Когда Люська проходила мимо старика Семеныча, курившего на табуретке, тот корявой рукой хлопал ее по цветастому заду:

– Ну, едрить твою щепу-лучину! Опять мужик прогорел? Ты другим разом заслонку-то вовремя затворяй, а то дымоходом уйдет, – и хохотал сквозь кашель.

Одна Светка верила Люське-Цыганке. Во-первых, она не могла огорчить Люську-Цыганку недоверием. А во-вторых, Светка-то чуяла, что правда в жизни – это не только то, что произошло, но и то, что пригрезилось. Отделить одно от другого невозможно, потому что человек живет всем сразу, неизвестно, что достовернее.

Люська шептала ей, что в детстве отстала от табора, жила в детском доме, потом снова потянуло в степи, ушла. Рассказывала, как табор бежал от немцев, добрел до Рязани, там, мол, Люська поселилась с женщиной, у которой пятерых сыновей убили на войне, и Люська пожалела ее одиночество. Подробности не всегда сходились в рассказах, а что касается «приемной» матери, то она один раз приезжала к Люське в Москву и была точь-в-точь Люська в старости. Допросить старуху «коридорке» не удалось: Люська из комнаты ту не выпускала, а через день спровадила в Рязань.

…Под шалью у Люськи обнаружилась гитара, которая обычно висела над Люськиной койкой, украшенная хвостом лент, и, когда Люська брала гитару, та трясла лентами, как лошадь гривой, разодетой на масленицу.

Люська ударила по струнам и хрипловато запела:

Позабыт, позаброшен

С молодых, юных лет…

Ах, я остался сиротою,

Счастья-доли мне нет, —

подтянула сквозь всхлипывания Фенька Митрохина. И Светка поняла, что все они стоят у свежей могилки на ближнем кладбище.

Обветшалое роскошество дореволюционных погребений соседствовало с бивачной неприбранностью новых, особенно военных и послевоенных, когда даже железная ограда стала проблемой.
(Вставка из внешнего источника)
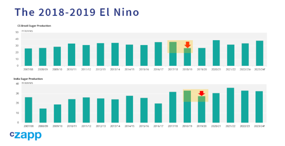 在我的糖业生涯中,有三次厄尔尼诺,2014年至2016年发生了一次强事件,2009/10年和2018/19年发生了一次较小的事件。

Точно кладбище было моделью перепутанной сложностями времен жизни.

Дуб с ржавой листвой ронял на холмик твердые слезы желудей. Хоронили митрохинского Юрку, умершего от дизентерии, потому что, как утверждала Фенька, тот был «искусственником», вырос без материнского молока. Но Светкину душу рвали боль и ужас, как в тот день, когда Дунаев выбросил из окна Вадика.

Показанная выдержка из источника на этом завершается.